Repeat the listing below in full and exactly. Pictures are to be omitted.

Segment Open

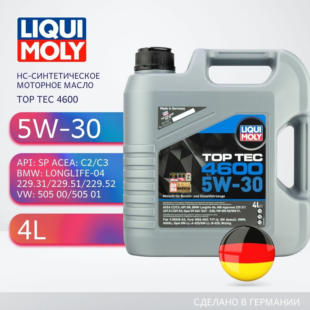 Ниже Вы можете прочитать отзывы на Моторное масло Liqui Moly Top Tec 4600 5W-30 HC-синтетическое 4 л, ознакомится с подробными характеристиками, посмотреть интересные обзоры и фотографии на Моторное масло Liqui Moly Top Tec 4600 5W-30 HC-синтетическое 4 л.
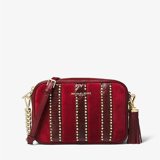 【吴谨言类似款】Michael Kors Ginny 复古红色拼接铆钉装饰中号肩包
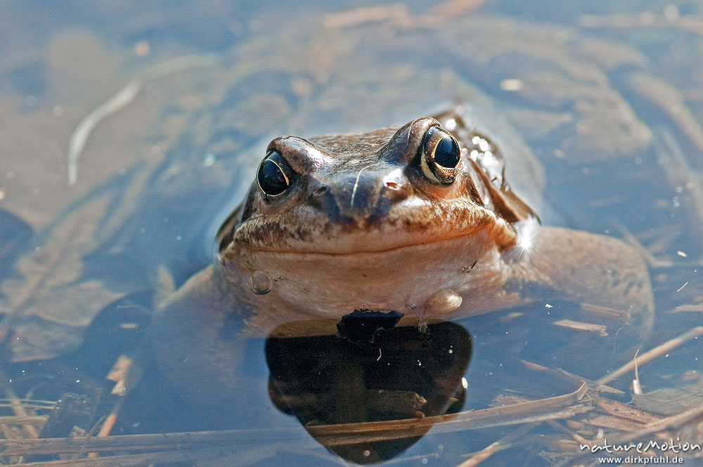 Grasfrosch, Rana temporaria, Ranidae, Männchen in Pfütze neben Waldweg, Göttingen, Deutschland
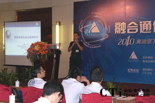 CTI論壇(ctiforum)9月10日消息(記者 楊毅):2010年9月9日奧迪堅(jiān)在廣州市嘉鴻華美達(dá)廣場(chǎng)酒店舉辦的“下一代融合通信平臺(tái)華南研討會(huì)” 圓滿落下帷幕。本次會(huì)議以 “融合通信” 為主題,將最新的由“IPT、IPCC、UC和Mobility”四個(gè)部分組成的融合通信技術(shù)完美呈現(xiàn)在嘉賓眼前,吸引了業(yè)界眾多知名廠商和媒體,并得到了奧迪堅(jiān)在各個(gè)行業(yè)的新老客戶的積極響應(yīng)和參與。通過(guò)奧迪堅(jiān)的精彩主題演講、現(xiàn)場(chǎng)的情景秀表演和眾多案例分享等多種形式,與合作伙伴及嘉賓共同探討融合通信技術(shù)該如何發(fā)展、解讀渠道新政策、同時(shí)更加深入了解奧迪堅(jiān)產(chǎn)品,提高合作伙伴在市場(chǎng)上的競(jìng)爭(zhēng)力。CTI論壇(www.bjrenaitang.com)獨(dú)家承辦此次會(huì)議,并進(jìn)行全程報(bào)道。
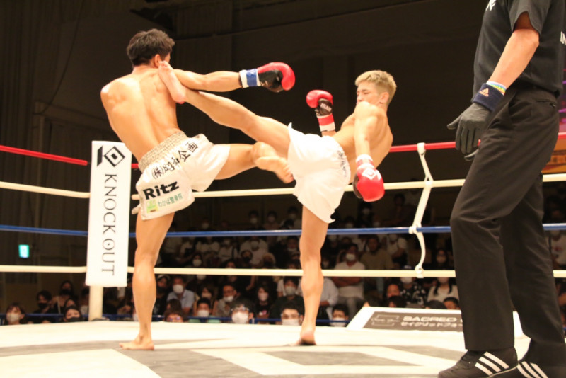 鈴木(左)は蹴りで応戦したが白幡に敗北
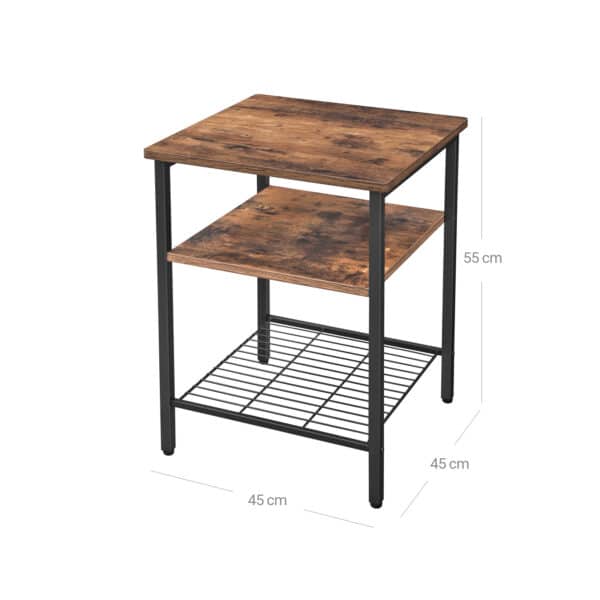 Pagamintas iš aukštos kokybės medžio drožlių plokštė (MDP) ir tvirtos geležies, šis staliukas yra ne tik stilingas, bet ir patvarus. Jo matmenys yra 45 x 45 x 55 cm , o svoris siekia 6,4 kg.
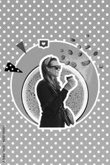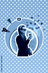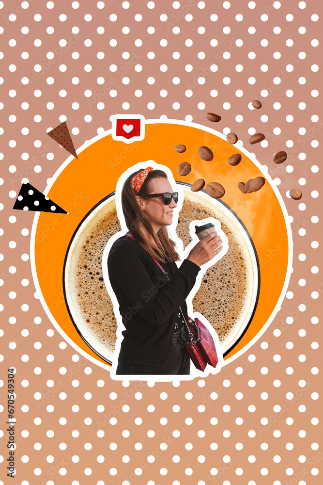 Creative digital collage stylish young woman in bandana hot coffee cup flying beans steam pastel gradient polka dot background. Contemporary style funky trendy graphic montage Coffee house advertising

Segment Closed

* _ANSWER TO THIS TASK_
 Ниже Вы можете прочитать отзывы на Моторное масло Liqui Moly Top Tec 4600 5W-30 HC-синтетическое 4 л, ознакомится с подробными характеристиками, посмотреть интересные обзоры и фотографии на Моторное масло Liqui Moly Top Tec 4600 5W-30 HC-синтетическое 4 л.
 【吴谨言类似款】Michael Kors Ginny 复古红色拼接铆钉装饰中号肩包
 Grasfrosch, Rana temporaria, Ranidae, Männchen in Pfütze neben Waldweg, Göttingen, Deutschland
 CTI論壇(ctiforum)9月10日消息(記者 楊毅):2010年9月9日奧迪堅(jiān)在廣州市嘉鴻華美達(dá)廣場(chǎng)酒店舉辦的“下一代融合通信平臺(tái)華南研討會(huì)” 圓滿落下帷幕。本次會(huì)議以 “融合通信” 為主題,將最新的由“IPT、IPCC、UC和Mobility”四個(gè)部分組成的融合通信技術(shù)完美呈現(xiàn)在嘉賓眼前,吸引了業(yè)界眾多知名廠商和媒體,并得到了奧迪堅(jiān)在各個(gè)行業(yè)的新老客戶的積極響應(yīng)和參與。通過(guò)奧迪堅(jiān)的精彩主題演講、現(xiàn)場(chǎng)的情景秀表演和眾多案例分享等多種形式,與合作伙伴及嘉賓共同探討融合通信技術(shù)該如何發(fā)展、解讀渠道新政策、同時(shí)更加深入了解奧迪堅(jiān)產(chǎn)品,提高合作伙伴在市場(chǎng)上的競(jìng)爭(zhēng)力。CTI論壇(www.bjrenaitang.com)獨(dú)家承辦此次會(huì)議,并進(jìn)行全程報(bào)道。
 鈴木(左)は蹴りで応戦したが白幡に敗北
 Pagamintas iš aukštos kokybės medžio drožlių plokštė (MDP) ir tvirtos geležies, šis staliukas yra ne tik stilingas, bet ir patvarus. Jo matmenys yra 45 x 45 x 55 cm , o svoris siekia 6,4 kg.
 Creative digital collage stylish young woman in bandana hot coffee cup flying beans steam pastel gradient polka dot background. Contemporary style funky trendy graphic montage Coffee house advertising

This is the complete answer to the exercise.